= Beginning of Section =

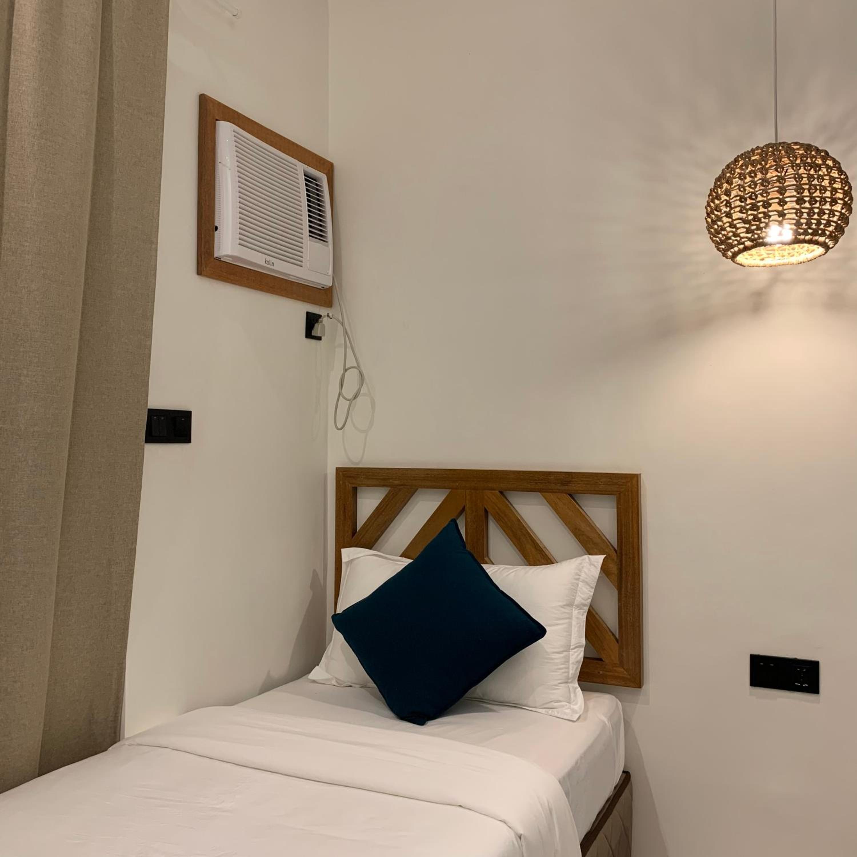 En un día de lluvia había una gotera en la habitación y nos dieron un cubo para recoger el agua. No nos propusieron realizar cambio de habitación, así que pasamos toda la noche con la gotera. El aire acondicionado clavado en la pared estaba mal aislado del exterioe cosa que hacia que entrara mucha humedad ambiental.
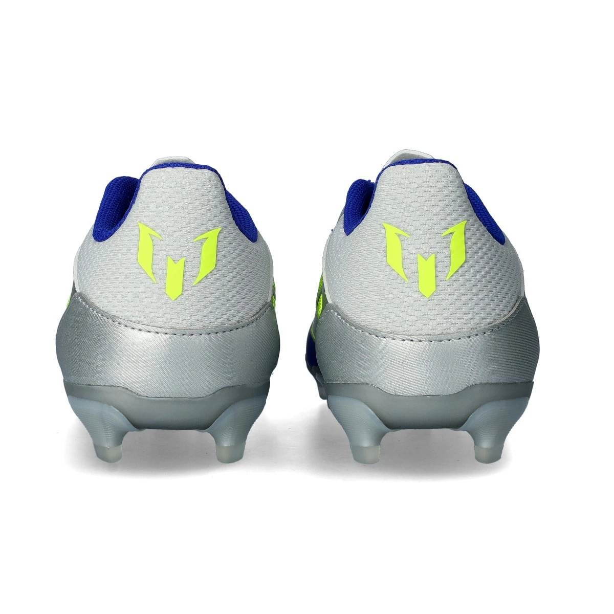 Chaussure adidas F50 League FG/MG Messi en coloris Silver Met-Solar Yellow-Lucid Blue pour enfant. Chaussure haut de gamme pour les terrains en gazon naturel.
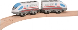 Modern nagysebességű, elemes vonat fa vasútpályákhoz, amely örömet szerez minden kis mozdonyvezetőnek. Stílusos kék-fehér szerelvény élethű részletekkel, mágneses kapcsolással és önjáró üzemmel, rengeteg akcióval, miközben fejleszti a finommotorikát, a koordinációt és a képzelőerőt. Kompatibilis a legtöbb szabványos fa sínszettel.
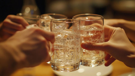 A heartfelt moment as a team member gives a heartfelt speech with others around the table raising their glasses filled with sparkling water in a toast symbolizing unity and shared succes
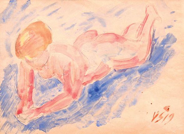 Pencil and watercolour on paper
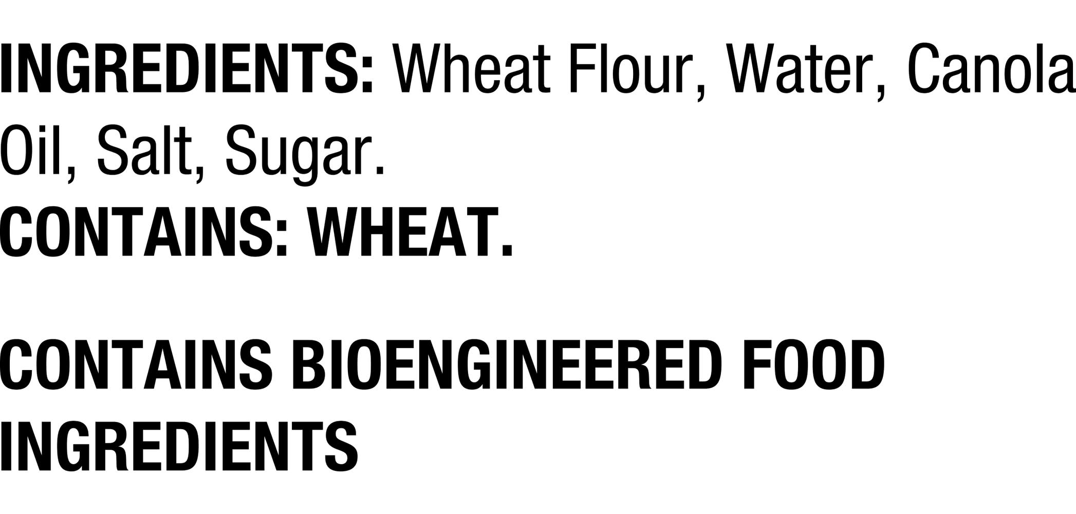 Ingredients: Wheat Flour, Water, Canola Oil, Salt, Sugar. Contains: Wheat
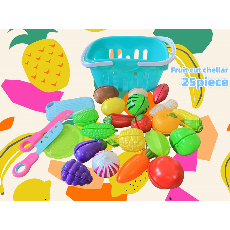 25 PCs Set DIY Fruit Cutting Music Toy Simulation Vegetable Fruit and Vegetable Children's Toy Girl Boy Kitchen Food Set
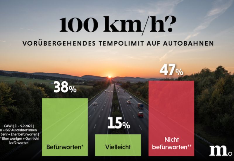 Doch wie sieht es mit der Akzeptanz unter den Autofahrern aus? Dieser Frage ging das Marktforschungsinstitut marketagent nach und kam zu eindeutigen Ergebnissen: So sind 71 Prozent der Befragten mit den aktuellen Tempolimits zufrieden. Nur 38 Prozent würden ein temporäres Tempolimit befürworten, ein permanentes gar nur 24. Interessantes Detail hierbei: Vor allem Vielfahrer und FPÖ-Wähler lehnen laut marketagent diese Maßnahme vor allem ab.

= End of Section =

§ What is being asked
Could you repeat, exactly, only the lines above starting at the one that has "Pencil and watercolour on paper" and stopping after the one that has "25 PCs Set DIY", without the pictures?

§ Answer box
 Pencil and watercolour on paper
 Ingredients: Wheat Flour, Water, Canola Oil, Salt, Sugar. Contains: Wheat
 25 PCs Set DIY Fruit Cutting Music Toy Simulation Vegetable Fruit and Vegetable Children's Toy Girl Boy Kitchen Food Set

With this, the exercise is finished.